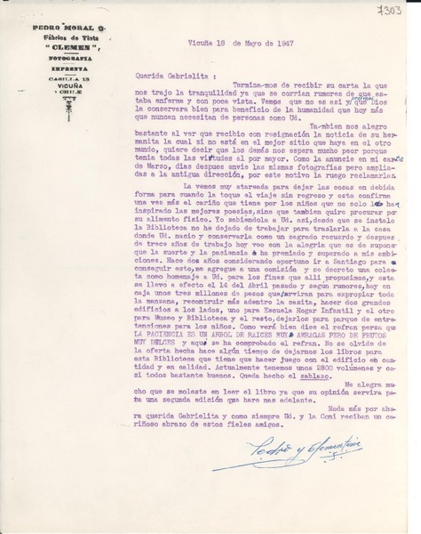[Carta] 1947 mayo 18, Vicuña [Chile] [a] Gabriela Mistral [manuscrito] Pedro Moral.
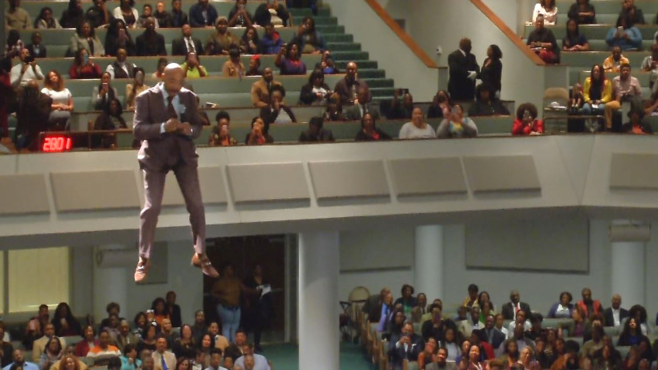 Ο πάστορας κατέβηκε από τον εξώστη της εκκλησίας κρεμασμένος σε ένα σχοινί από το ταβάνι με τους πιστούς να τον υποδέχονται γελώντας και φωνάζοντας «Αμήν».
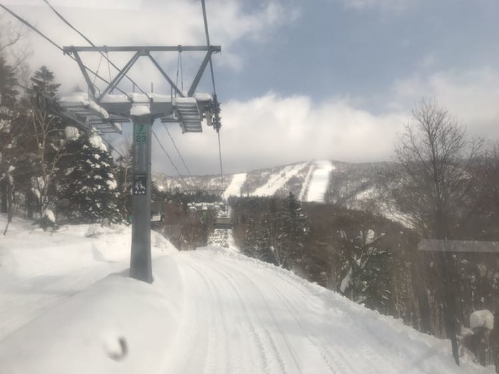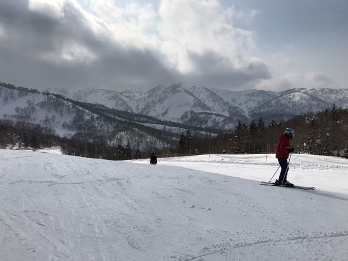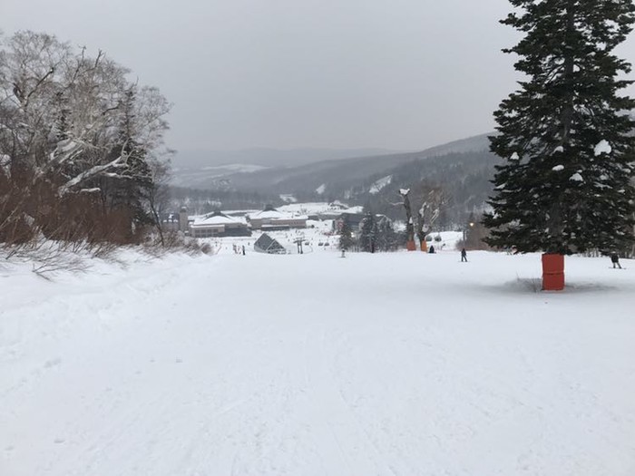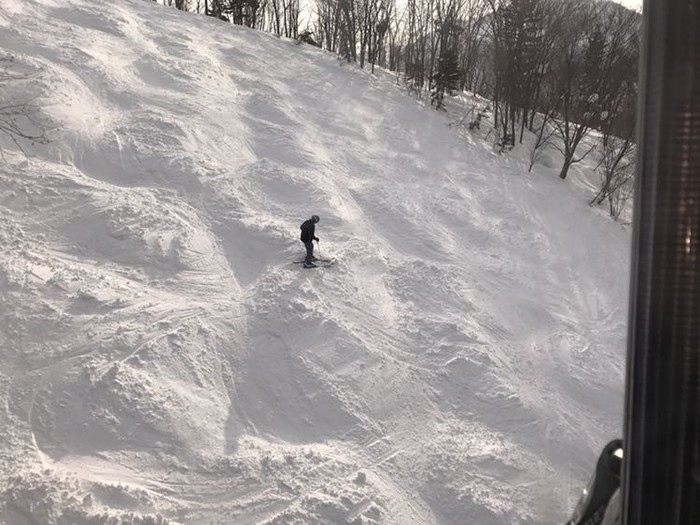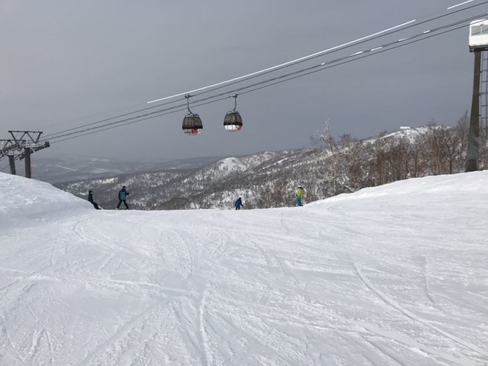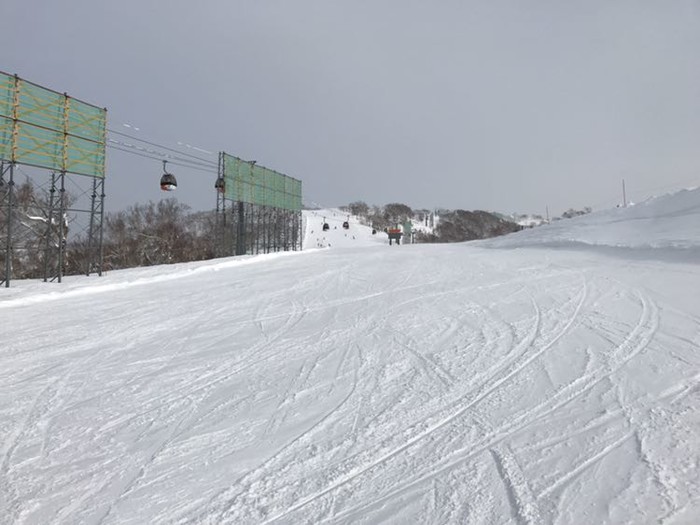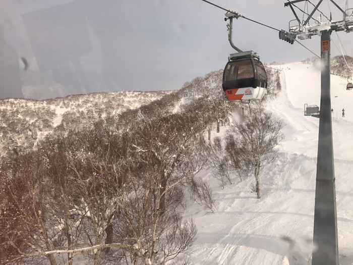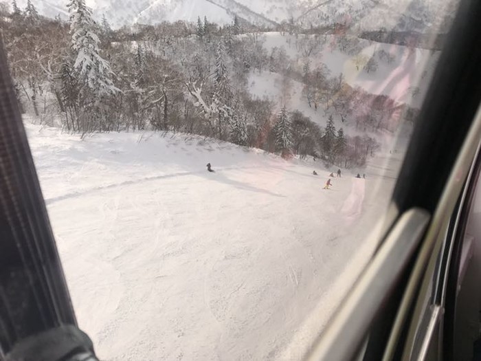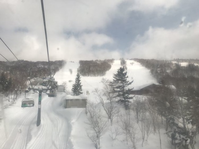 总而言之就是个beginner了只不过还是滑过一次的,desk clerk(一个欧美妹子,因为感觉跟欧美人说英语比跟日本人说还是要方便快捷)就给我们订了图左边的初学者滑道和右边的Gondola缆车去山顶拍照,她说我们搭了Gondola之后要再坐缆车下来就跟上面的工作人员说下我们只是看看风景照个相就下去就可以(同时做了一个拿相机咔嚓的动作)。结果我们最后上了最高峰,还是从高级滑道一路连滑带摔并走的下了山,现在想起来真是刺激,居然活着回来了。

*Problem to work on:*
Restate the material word for word from its first line through the line containing "Ο πάστορας κατέβηκε", both included; the pictures do not belong in it.

*Exercise result:*
[Carta] 1947 mayo 18, Vicuña [Chile] [a] Gabriela Mistral [manuscrito] Pedro Moral.
 Ο πάστορας κατέβηκε από τον εξώστη της εκκλησίας κρεμασμένος σε ένα σχοινί από το ταβάνι με τους πιστούς να τον υποδέχονται γελώντας και φωνάζοντας «Αμήν».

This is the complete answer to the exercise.